Ihaka handed over the rest of the notes. “Okay, Willie, here’s what you do. You find yourself a deep hole and stay down there. And I promise you this, if anyone fucks you up, I’ll fuck them up like you wouldn’t believe.”
Blair Corvine rubbed his chin, puzzled. “You know what?” he said to Ihaka eventually. “There are only two people who haven’t moved on here, and the victim’s not one of them. There’s Sheree, which is kind of understandable. If anyone’s got the right to be all bitter and twisted – apart from me, of course – it’s her. And there’s you, Chief, and I don’t get that.”
“Two things, Blair,” said Ihaka. “If everyon
e else has moved on, why is it still such a big deal out west? This old prick I talked to last night bloody near shat himself when I dropped you into the conversation. He says every lowlife out there knows it’s a subject you avoid like the plague. Now why would that be?”

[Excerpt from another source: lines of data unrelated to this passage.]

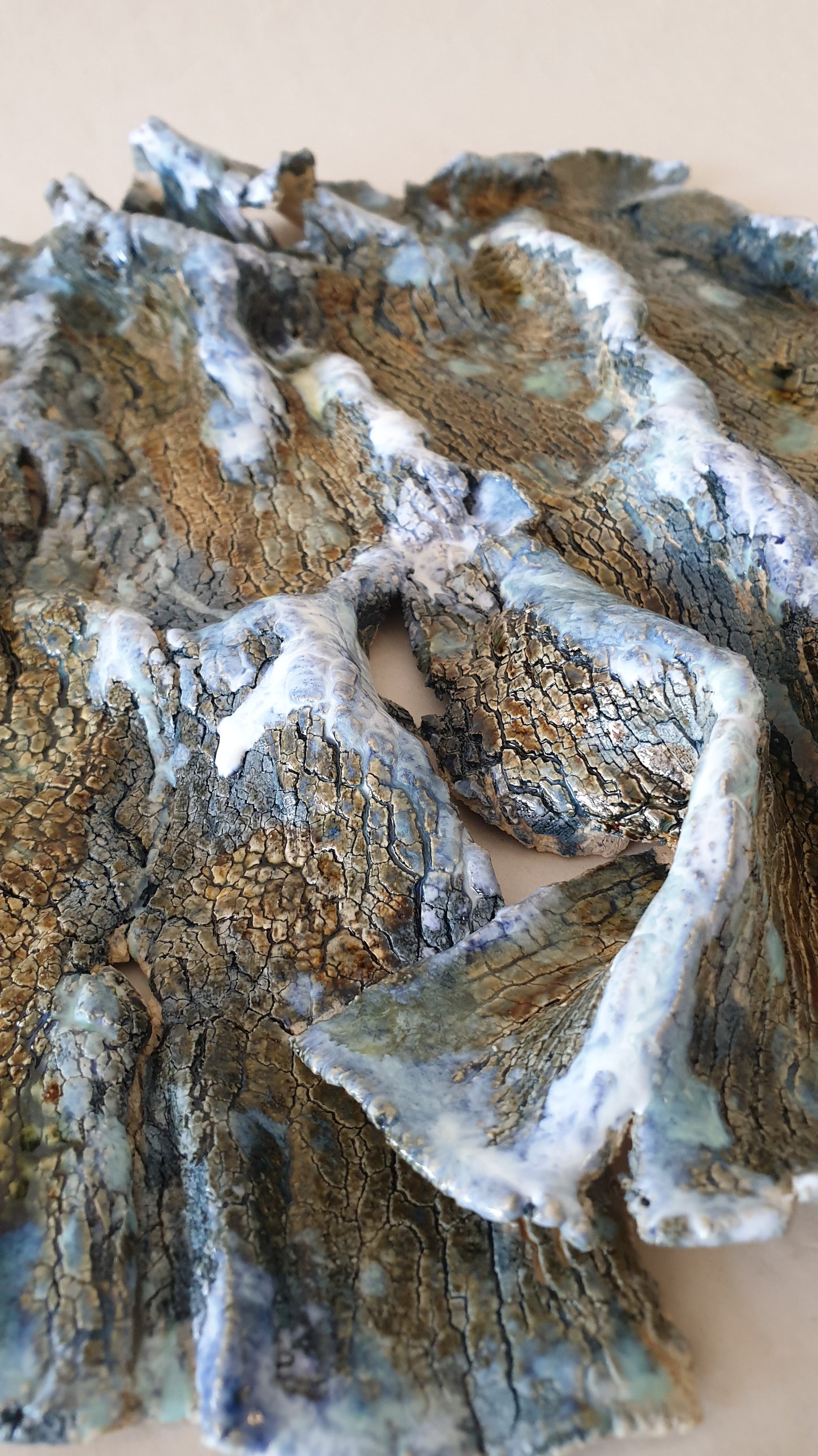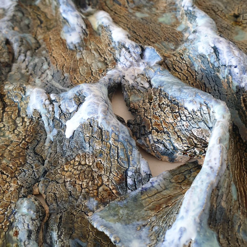 Technique: Kiln-fired ceramic with textured glaze and oxide accents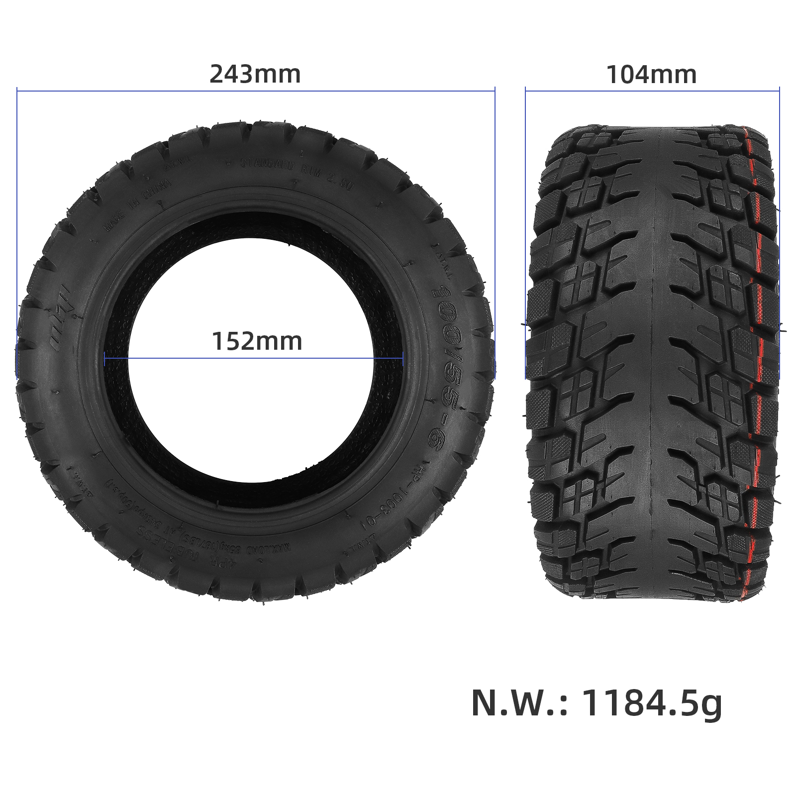 Neumático todoterreno sin cámara ULIP de 11 pulgadas 100/55-6 para patinete eléctrico TEVERUN Fighter 10/10+, kart, ATV, cuatrimoto, vehículo todoterreno, neumático de vacío de gran agarre, neumático de caucho engrosado de 4 capas, repuestos para ruedas delanteras y traseras, accesorios antideslizantes de alto agarre.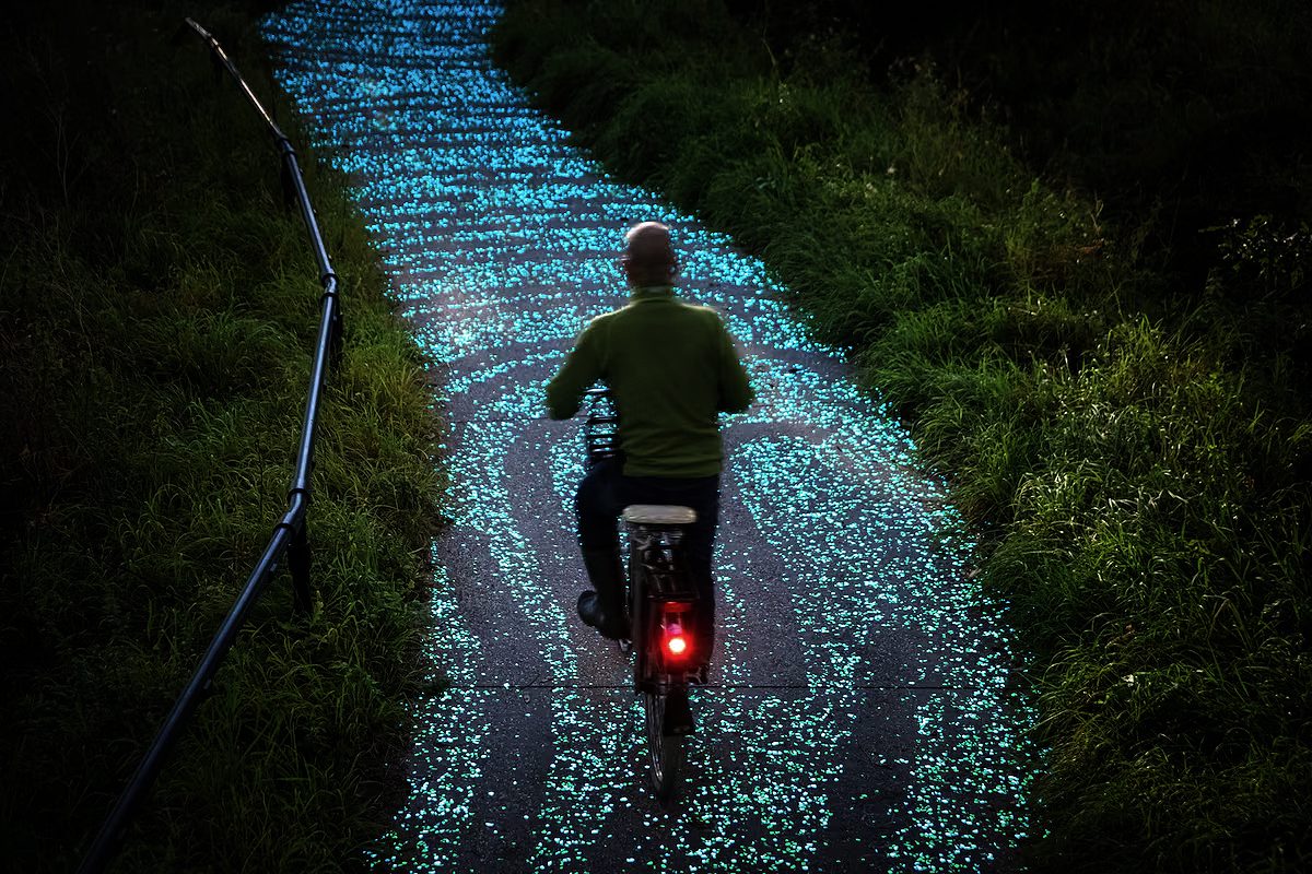 Studio Roosegarde designed this bicycling path as a tribute to Van Gogh on his 125th death anniversary in his hometown, Eindhoven. The solar-powered LED lighting produces amazing blue and green twinkling stars on the bike track.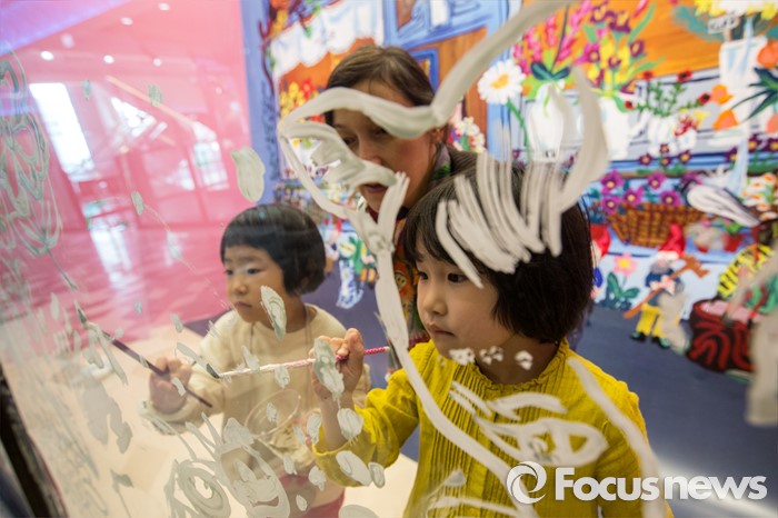 (서울=포커스뉴스) 28일 오전 서울 송파구 롯데백화점 잠실점 에비뉴엘 아트홀에서 열린 '러블리 레테' 전시회에서 프랑스 작가 나탈리 레테가 어린이들과 라이브페인팅을 하고 있다.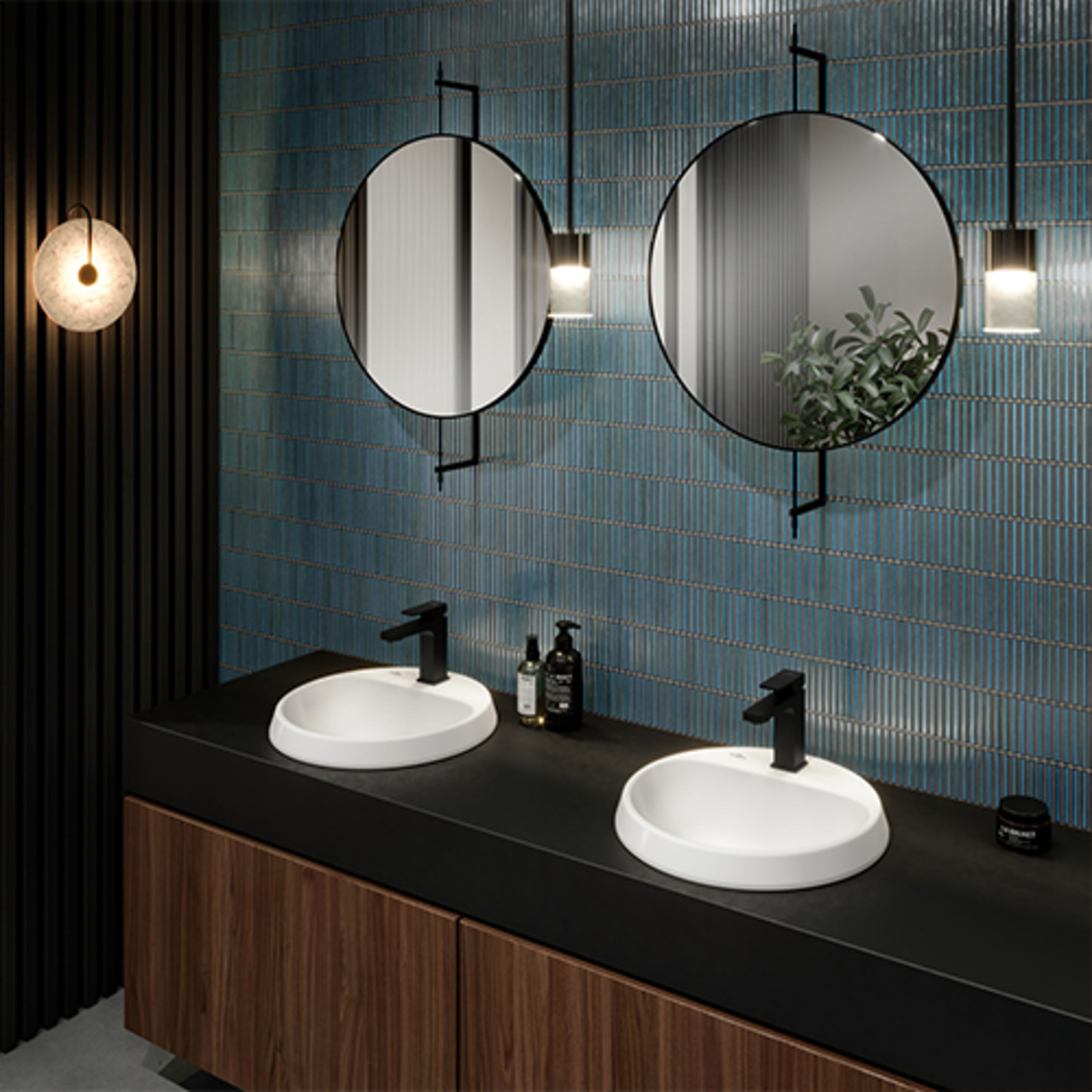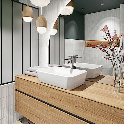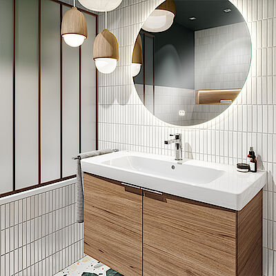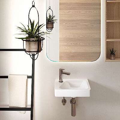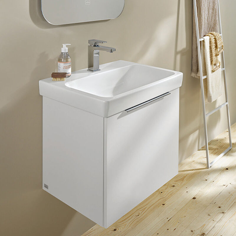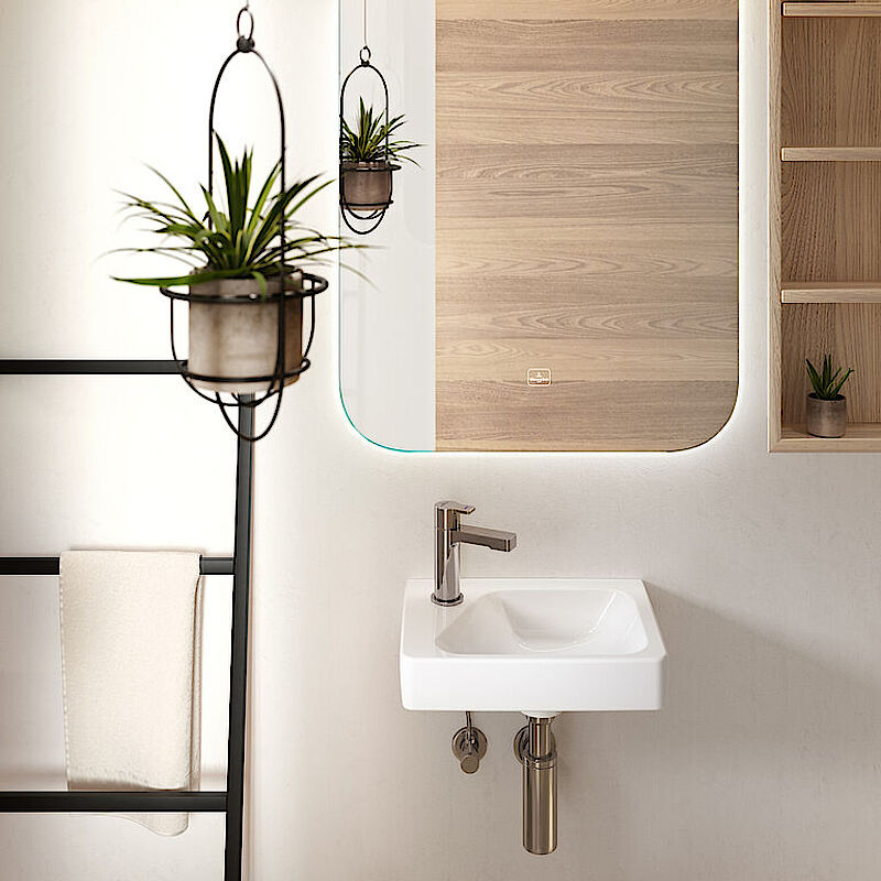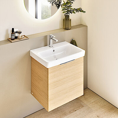 Die neuen Schrankwaschtische sind in einem modernen, eckigen Design angelegt und verfügen über ein großes, funktionales Becken. Es gibt sie in acht gängigen Größen von 36 cm bis 100 cm, darunter das neue Handwaschbecken 48 cm. Je nach Modell ist die Hahnlochbank, die als reinigungsfreundliche, keramische Ablagefläche dient, hinten oder seitlich angeordnet. Ausgewählte, stark nachgefragte Größen sind in drei verschiedenen Montageoptionen erhältlich: wandhängend, als Aufsatz- oder als Möbelwaschtisch. Sie können zudem optional mit der pflegefreundlichen Keramikoberfläche CeramicPlus und der antibakteriellen Glasur AntiBac ausgestattet werden und sind sowohl mit als auch ohne Überlauf lieferbar.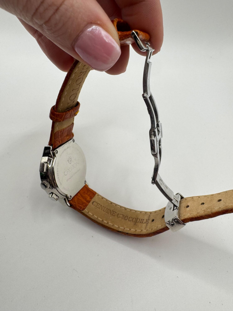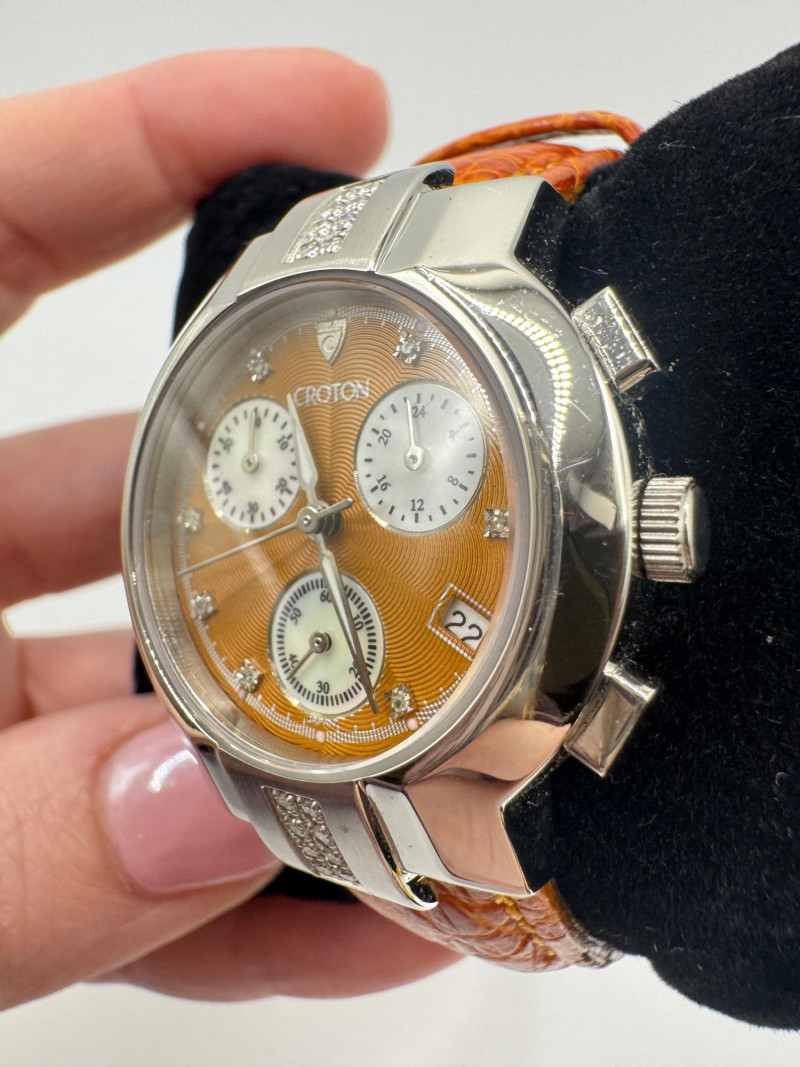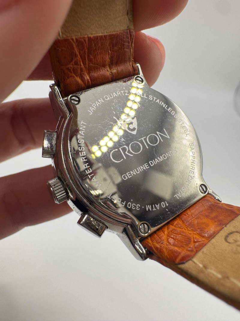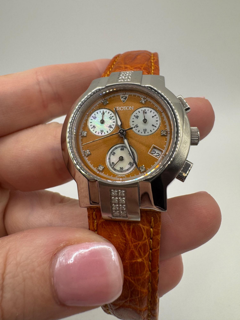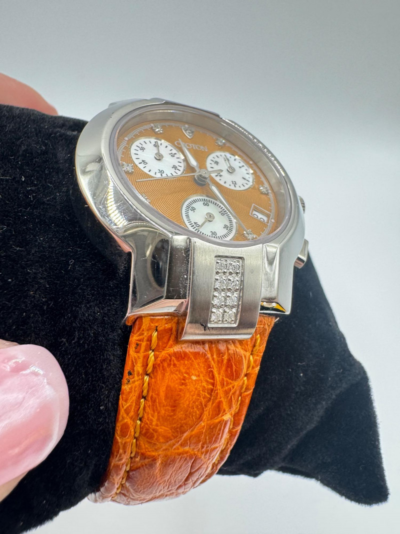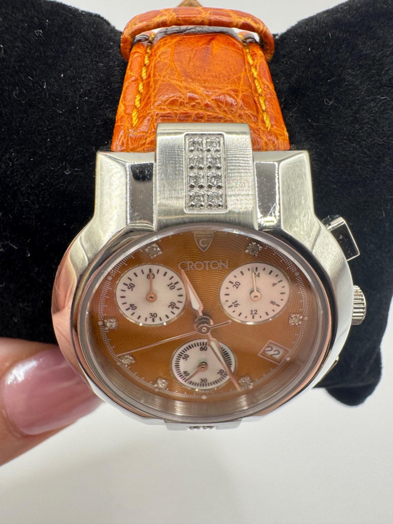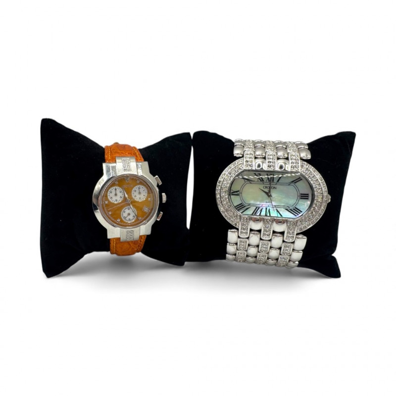 2 Croton Women's Watches – Diamond & Rhodium Plated, MOP Dials. Orange Croton watch: Marked Genuine Diamonds (stones tested positive for diamonds) Stainless steel case, sapphire crystal, Japan quartz movement Orange leather strap with visible wear Silver-tone Croton watch: Rhodium-plated finish with large oval face and Roman numerals Mother-of-pearl dial with pave-style crystal accents (not diamonds) Bracelet-style band, excellent condition Both have mother of pearl watch faces with iridescent sheen . Both watches are untested for time accuracy. General Disclaimer:
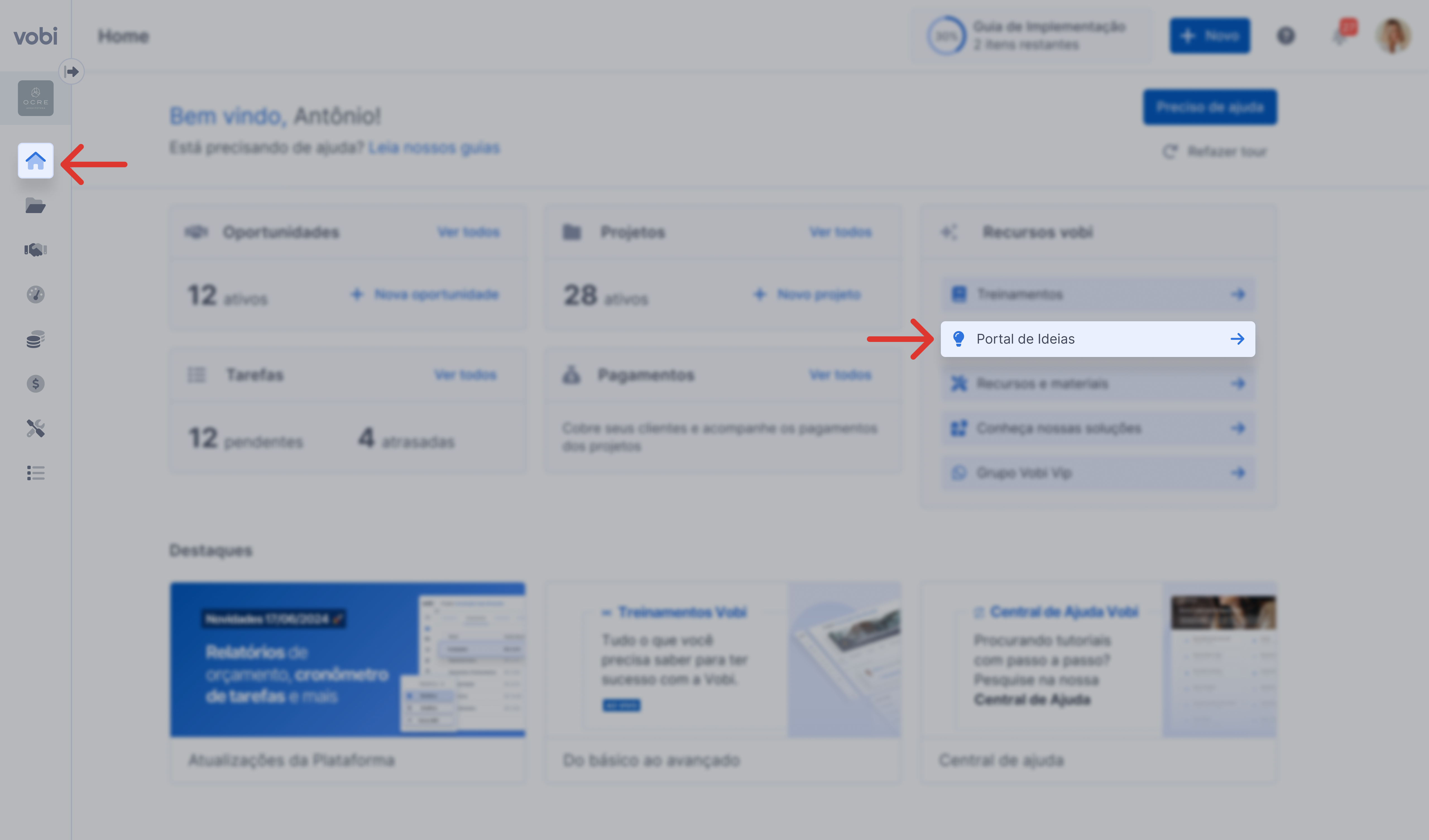 Tem alguma sugestão de melhoria na plataforma Vobi? Seu primeiro passo vai ser acessar o Portal de Ideias e procurar se alguém já deu essa sugestão.

Corvine shrugged. “They probably haven’t forgotten what happened to Jerry Spragg.”
“Yeah, could be,” said Ihaka. “I heard that was random prison shit but, given the source, chances are that was a lie. The other reason I’m curious is that there’s a bloody big gap between your version and everybody else’s. You say you didn’t fuck up, you were on top of it; everyone else says the opposite. You fucked up, you got careless, you were off your face the whole time. Christ, I even heard you left your cellphone lying around, they checked call history and saw all these Blair-to-base calls.”
“Fucking what?” They were in a little café in Panmure. Corvine muttered an apology to the pensioners at the next table and leaned forward, lowering his voice. “What the fuck do they take me for?”
“Well, now do you see where I’m coming from? If you’d said, ‘Look, fuck it, okay, I was burnt out, I was losing it, I could’ve stuffed up without even knowing,’ that would be one thing. And if everyone from McGrail down wasn’t so keen to blame the victim and move on, as you put it, that would be another. I would’ve thought fair enough, shit happens, and gone back to worrying about global warming.”
“You raised it with McGrail?”
Ihaka nodded.
“Did he tell you what I told him?”
“McGrail ran the party line,” said Ihaka. “Coming from him it sounded good, but that’s all it was.”
Corvine’s forehead was a grid of perplexity.